**The task**
Please copy out the entries below exactly, beginning with the line that contains "традиционной наукой вообще." and ending with the line that contains "راجع: البرهان للجويني: ١/", and include nothing outside that span.

**Dataset records**

# # # #

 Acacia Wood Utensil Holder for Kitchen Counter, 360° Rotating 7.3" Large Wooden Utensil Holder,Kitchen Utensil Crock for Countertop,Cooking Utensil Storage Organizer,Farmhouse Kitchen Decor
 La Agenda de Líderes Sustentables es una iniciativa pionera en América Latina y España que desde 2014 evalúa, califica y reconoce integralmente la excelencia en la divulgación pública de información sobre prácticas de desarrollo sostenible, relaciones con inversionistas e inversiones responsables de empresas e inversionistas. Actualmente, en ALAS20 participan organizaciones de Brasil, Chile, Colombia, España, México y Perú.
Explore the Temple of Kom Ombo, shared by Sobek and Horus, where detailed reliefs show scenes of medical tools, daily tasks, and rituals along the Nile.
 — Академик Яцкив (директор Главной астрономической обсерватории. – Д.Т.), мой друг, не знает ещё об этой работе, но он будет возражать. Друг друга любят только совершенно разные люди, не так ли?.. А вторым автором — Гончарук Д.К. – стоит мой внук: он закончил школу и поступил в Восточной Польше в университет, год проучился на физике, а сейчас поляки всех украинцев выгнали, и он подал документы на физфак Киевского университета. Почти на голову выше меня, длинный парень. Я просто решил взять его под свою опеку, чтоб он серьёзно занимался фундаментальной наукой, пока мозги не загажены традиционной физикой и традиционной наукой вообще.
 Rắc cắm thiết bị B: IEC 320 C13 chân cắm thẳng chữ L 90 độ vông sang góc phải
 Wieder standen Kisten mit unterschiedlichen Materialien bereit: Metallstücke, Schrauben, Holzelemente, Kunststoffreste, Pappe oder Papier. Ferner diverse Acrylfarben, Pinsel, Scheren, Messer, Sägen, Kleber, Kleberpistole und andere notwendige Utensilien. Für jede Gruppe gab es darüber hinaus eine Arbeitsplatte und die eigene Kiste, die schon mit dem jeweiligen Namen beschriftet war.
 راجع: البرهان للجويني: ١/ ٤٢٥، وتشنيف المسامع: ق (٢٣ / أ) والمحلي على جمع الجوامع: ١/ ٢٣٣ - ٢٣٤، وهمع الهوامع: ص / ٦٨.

# # # #

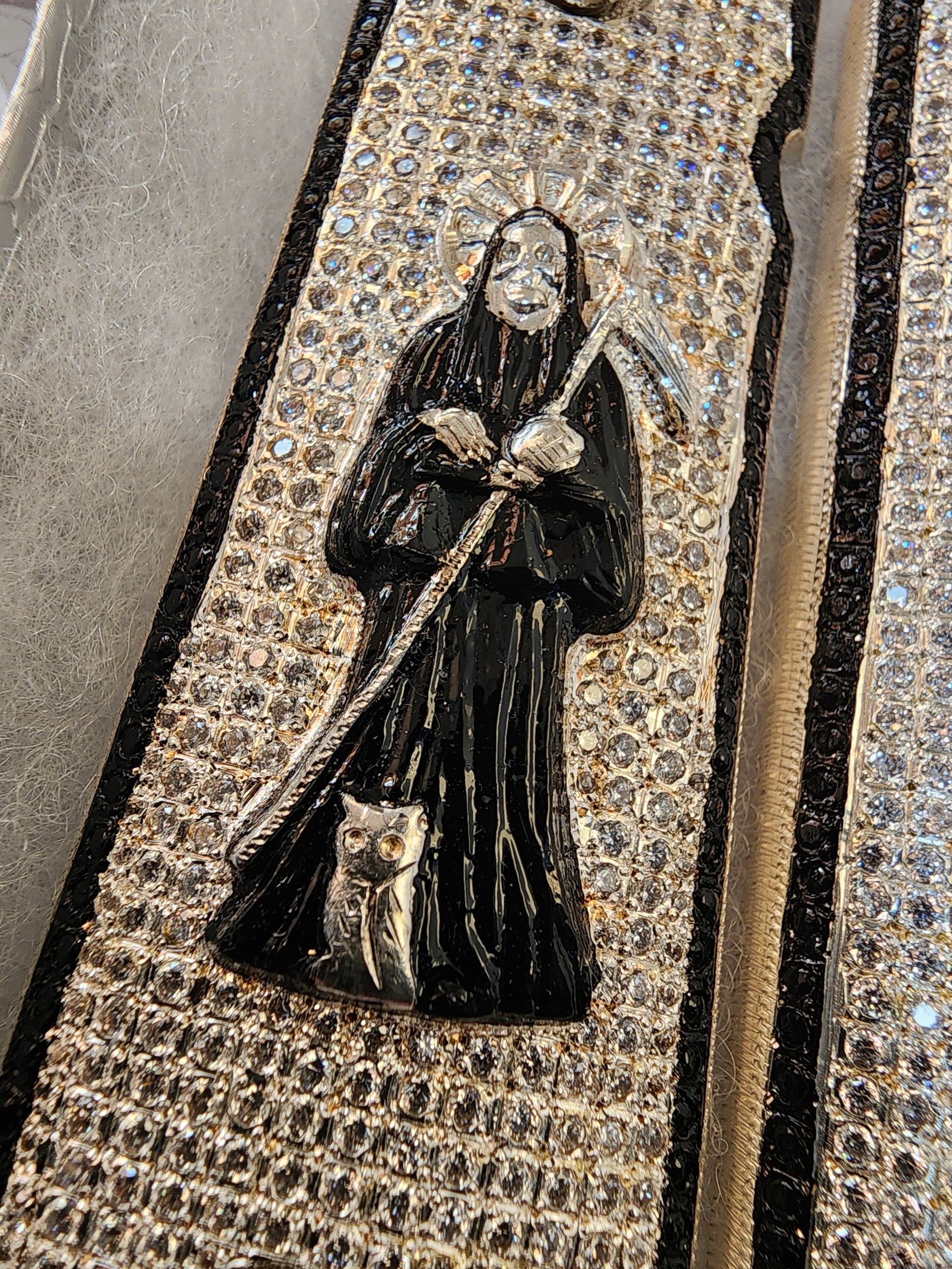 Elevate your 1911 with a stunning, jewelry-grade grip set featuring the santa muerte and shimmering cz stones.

# # # #

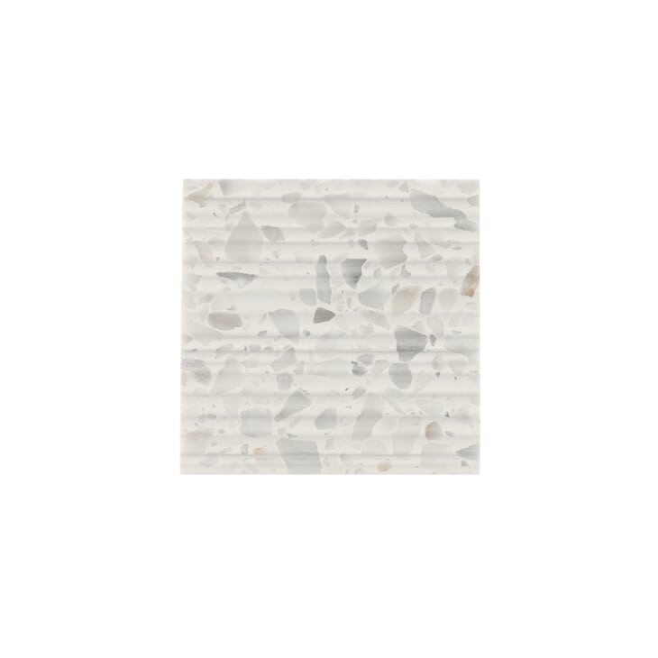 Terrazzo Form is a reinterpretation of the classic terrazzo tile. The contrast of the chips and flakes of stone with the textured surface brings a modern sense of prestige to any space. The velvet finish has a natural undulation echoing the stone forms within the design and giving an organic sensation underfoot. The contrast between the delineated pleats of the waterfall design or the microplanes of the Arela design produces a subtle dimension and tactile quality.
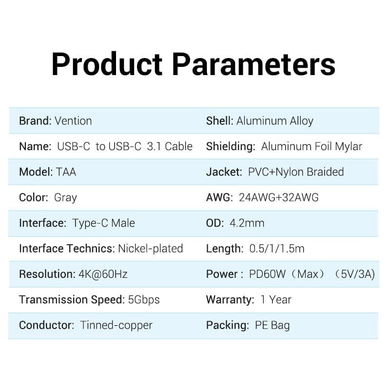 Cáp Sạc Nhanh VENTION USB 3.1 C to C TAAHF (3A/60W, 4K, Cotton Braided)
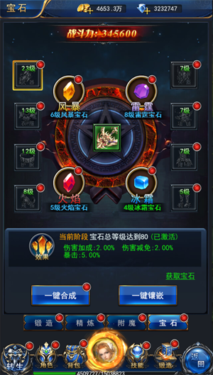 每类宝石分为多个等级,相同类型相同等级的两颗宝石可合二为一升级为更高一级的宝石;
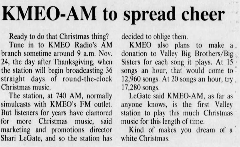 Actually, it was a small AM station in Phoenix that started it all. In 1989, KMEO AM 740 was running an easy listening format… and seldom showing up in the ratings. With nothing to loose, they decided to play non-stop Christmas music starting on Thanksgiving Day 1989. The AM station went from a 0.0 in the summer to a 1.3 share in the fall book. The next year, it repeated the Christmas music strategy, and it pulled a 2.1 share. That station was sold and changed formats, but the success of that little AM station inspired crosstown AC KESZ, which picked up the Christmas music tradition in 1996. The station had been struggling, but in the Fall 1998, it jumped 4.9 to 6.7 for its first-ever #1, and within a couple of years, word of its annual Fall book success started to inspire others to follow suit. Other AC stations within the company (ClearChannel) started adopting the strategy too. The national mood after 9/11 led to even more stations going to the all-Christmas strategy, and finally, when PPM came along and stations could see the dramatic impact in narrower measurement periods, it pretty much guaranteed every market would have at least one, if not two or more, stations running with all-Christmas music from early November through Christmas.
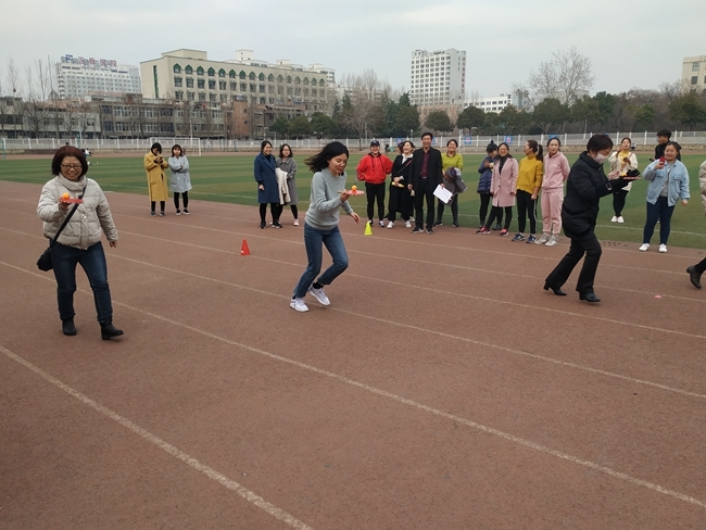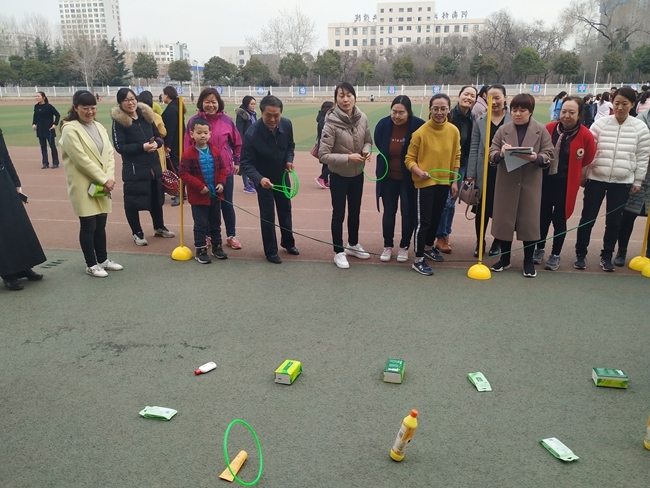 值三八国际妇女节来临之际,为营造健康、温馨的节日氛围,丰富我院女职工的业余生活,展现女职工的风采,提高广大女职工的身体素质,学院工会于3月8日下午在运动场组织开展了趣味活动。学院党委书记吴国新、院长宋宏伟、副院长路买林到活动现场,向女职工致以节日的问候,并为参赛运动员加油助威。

# # # #

**Solution for this problem**
 — Академик Яцкив (директор Главной астрономической обсерватории. – Д.Т.), мой друг, не знает ещё об этой работе, но он будет возражать. Друг друга любят только совершенно разные люди, не так ли?.. А вторым автором — Гончарук Д.К. – стоит мой внук: он закончил школу и поступил в Восточной Польше в университет, год проучился на физике, а сейчас поляки всех украинцев выгнали, и он подал документы на физфак Киевского университета. Почти на голову выше меня, длинный парень. Я просто решил взять его под свою опеку, чтоб он серьёзно занимался фундаментальной наукой, пока мозги не загажены традиционной физикой и традиционной наукой вообще.
 Rắc cắm thiết bị B: IEC 320 C13 chân cắm thẳng chữ L 90 độ vông sang góc phải
 Wieder standen Kisten mit unterschiedlichen Materialien bereit: Metallstücke, Schrauben, Holzelemente, Kunststoffreste, Pappe oder Papier. Ferner diverse Acrylfarben, Pinsel, Scheren, Messer, Sägen, Kleber, Kleberpistole und andere notwendige Utensilien. Für jede Gruppe gab es darüber hinaus eine Arbeitsplatte und die eigene Kiste, die schon mit dem jeweiligen Namen beschriftet war.
 راجع: البرهان للجويني: ١/ ٤٢٥، وتشنيف المسامع: ق (٢٣ / أ) والمحلي على جمع الجوامع: ١/ ٢٣٣ - ٢٣٤، وهمع الهوامع: ص / ٦٨.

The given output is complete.